I want to ask if there is an important reason why these options are not available for importing subtitles
from sup files, png images from html directories? Or maybe they are the only ones I can't find.
If this is not a problem, I would ask you to add these options to make them always available.
As far as I remember - once upon a time - they were.

GCRaistlin

29th June 2020, 00:22

Bug: switching from Italic to non-Italic doesn't work inside a word.

Install Latin.db (https://mir.cr/Z31BR2S0).
Open SUP file (https://mir.cr/HFECXRLR).
No of pixels is space: 11.
Go to subpic #837, press 'Start OCR', then 'Stop'.
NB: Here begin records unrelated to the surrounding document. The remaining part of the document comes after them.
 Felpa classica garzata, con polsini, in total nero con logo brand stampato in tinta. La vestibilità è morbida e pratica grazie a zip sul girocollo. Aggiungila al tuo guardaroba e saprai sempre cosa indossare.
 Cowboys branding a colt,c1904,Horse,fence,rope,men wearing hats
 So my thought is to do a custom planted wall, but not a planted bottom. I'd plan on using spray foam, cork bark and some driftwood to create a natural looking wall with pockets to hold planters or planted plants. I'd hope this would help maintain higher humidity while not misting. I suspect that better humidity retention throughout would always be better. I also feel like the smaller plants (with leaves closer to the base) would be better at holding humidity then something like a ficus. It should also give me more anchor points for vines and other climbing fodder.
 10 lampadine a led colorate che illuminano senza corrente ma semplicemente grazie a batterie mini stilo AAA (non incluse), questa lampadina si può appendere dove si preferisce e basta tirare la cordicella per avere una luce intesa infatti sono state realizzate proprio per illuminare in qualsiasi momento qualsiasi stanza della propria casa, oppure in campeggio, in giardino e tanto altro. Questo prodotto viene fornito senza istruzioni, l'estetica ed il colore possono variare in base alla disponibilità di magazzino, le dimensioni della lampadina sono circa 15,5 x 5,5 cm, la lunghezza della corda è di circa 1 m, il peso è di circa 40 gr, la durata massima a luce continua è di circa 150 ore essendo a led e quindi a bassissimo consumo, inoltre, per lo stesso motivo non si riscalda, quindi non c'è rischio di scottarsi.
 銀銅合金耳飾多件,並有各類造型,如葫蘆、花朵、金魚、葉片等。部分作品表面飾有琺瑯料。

The subtitle is recognized as

I'll vafangoolyou!

SE correctly recognized 'you' as non-Italic (we can make sure of it in 'Inspect compare matches for current image...'), though 'you' is enclosed in Italic tag in the recognized text.

Janusz

29th June 2020, 08:02

@GCRaistlin
Use the US English dictionary for OCR, select [Fix OCR errors] and [Try to quess unknow words] as a result of which you will receive your
I'll vafangool you!

GCRaistlin

29th June 2020, 10:17

Janusz
What does it have to do with the reported issue? This time your trick helps (maybe, I didn't check), next time it won't.

varekai

30th June 2020, 08:55

I'll vafangool you! (https://streamable.com/7o2d68)

tormento

11th July 2020, 08:34

Could you provide a image/sup so I can try it?
I saw you updated beta but you never replied to my post (https://forum.doom9.org/showthread.php?p=1916021#post1916021).

jlw_4049

16th July 2020, 17:28

Still having major issues with music notes in the latest beta version for tesseract/binary.
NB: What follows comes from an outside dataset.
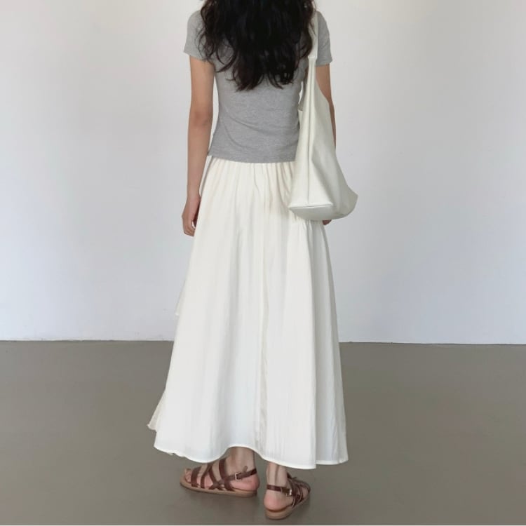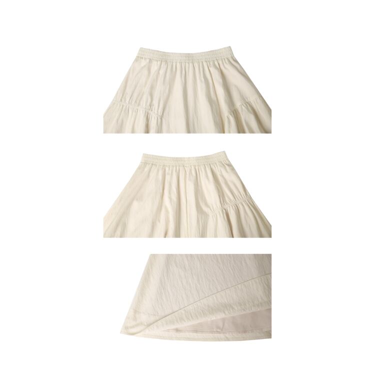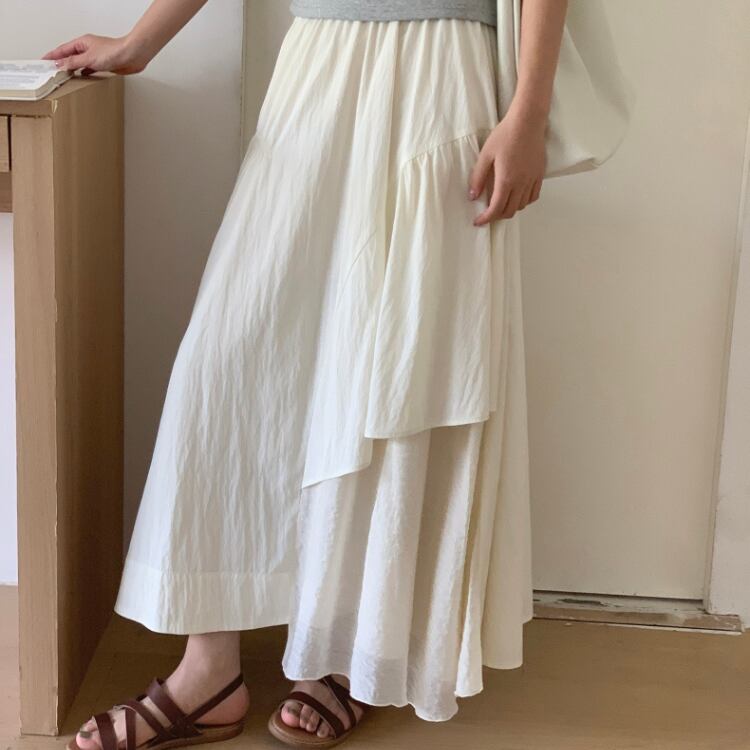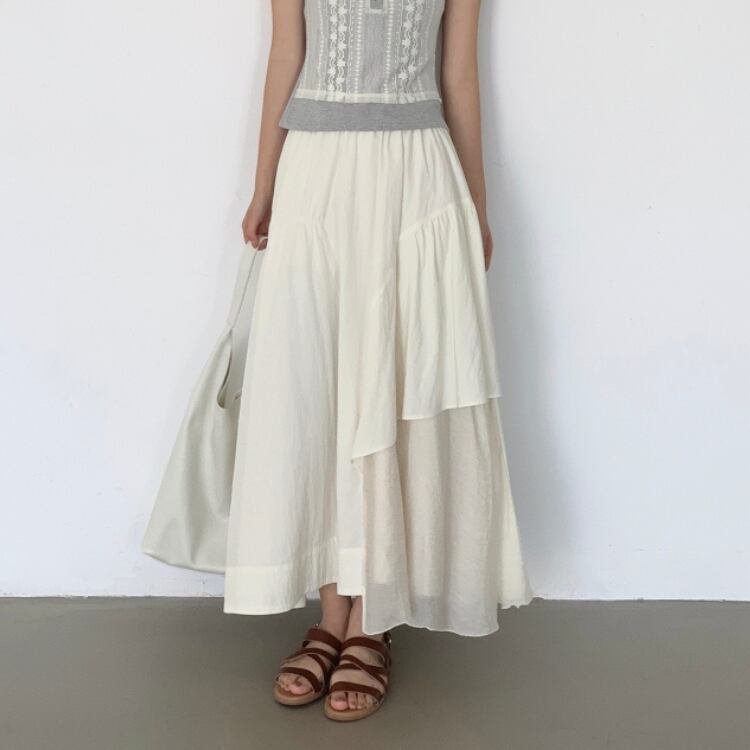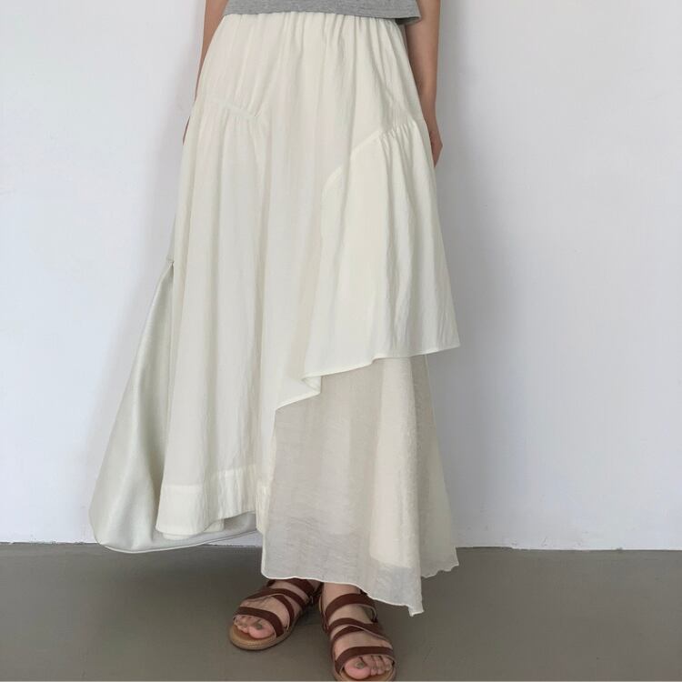 シアー生地配色アシンメトリーギャザー切り替えフレアースカート 0973

http://www.mediafire.com/file/2pyfynot2lx6lb4/example.sup/file

There is a file that I've had the issues on.

Nikse555

18th July 2020, 09:05

@Tormento: I've tested your sup file and it works fine... I don't get the strange replacements that you get, so you should probably do a clean install (delete all old SE files before - including those in %appdata%\Subtitle Edit).
EDIT: Also, latest beta has improved casing in OCR for italian letter "Ú": https://github.com/SubtitleEdit/subtitleedit/releases/download/3.5.16/SubtitleEditBeta.zip

@jwl_4049: You should request better support for music symbols for tesseract here: https://github.com/SubtitleEdit/subtitleedit/releases/download/3.5.16/SubtitleEditBeta.zip
Or you could try "nOCR" or "Binary image compare"...

tormento

18th July 2020, 10:00

I've tested your sup file and it works fine.

You are right about "Es", I have found it in ita_OCRFixReplaceList_User.xml somehow...
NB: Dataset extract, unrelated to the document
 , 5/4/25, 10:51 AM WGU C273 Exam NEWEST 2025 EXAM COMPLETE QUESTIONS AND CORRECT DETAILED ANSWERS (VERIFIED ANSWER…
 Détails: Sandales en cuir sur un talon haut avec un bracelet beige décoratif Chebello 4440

The "i" issue comes from ita_OCRFixReplaceList.xml, where "l" is replaced by "i" and sometimes a "I" is OCR as "l".

Also, latest beta has improved casing in OCR for italian letter "Ú"

We don't have any Ú letter in Italian.

We do have ù and Ù. :p

loninapleton

19th July 2020, 06:35

Not hijacking anything. I just need to know if this is the major forum discussion for Subtitle Edit. I am just beginning to do translations. Some online tools are available. But my current need is to get an ASS file which is translated English to Polish saved as SRT or VOB that is recognized by MKVToolnix.

I'm only getting a text save in Subtitle Edit. Please give the steps of getting this kind of save. And thank you for this amazing tool.

jlw_4049

19th July 2020, 07:21

@jlw_4049: You should request better support for music symbols for tesseract here: https://github.com/SubtitleEdit/subtitleedit/releases/download/3.5.16/SubtitleEditBeta.zip
Or you could try "nOCR" or "Binary image compare"...

Im not sure what nOCR is. All I see is binary or tesseract.

I'll look more into it tomorrow when I get off.

Sent from my SM-G986U1 using Tapatalk

Nikse555

19th July 2020, 08:32

@tormento: I could not find lines where "l" is replaced by "i"... could you give some line numbers? (thx about the italic letter accent U)

@loninapleton: You can open the ASS file and change format in the toolbar to "SubRip (.srt)" (SubRip is the topmost format in the drop down list).
You can also convert multiple ASS files to SubRip (.srt) via Tools -> Batch convert or by using command line convert.

@jlw_4049: If you cannot see the OCR method "nOCR" then you probably don't use SE 3.5.16?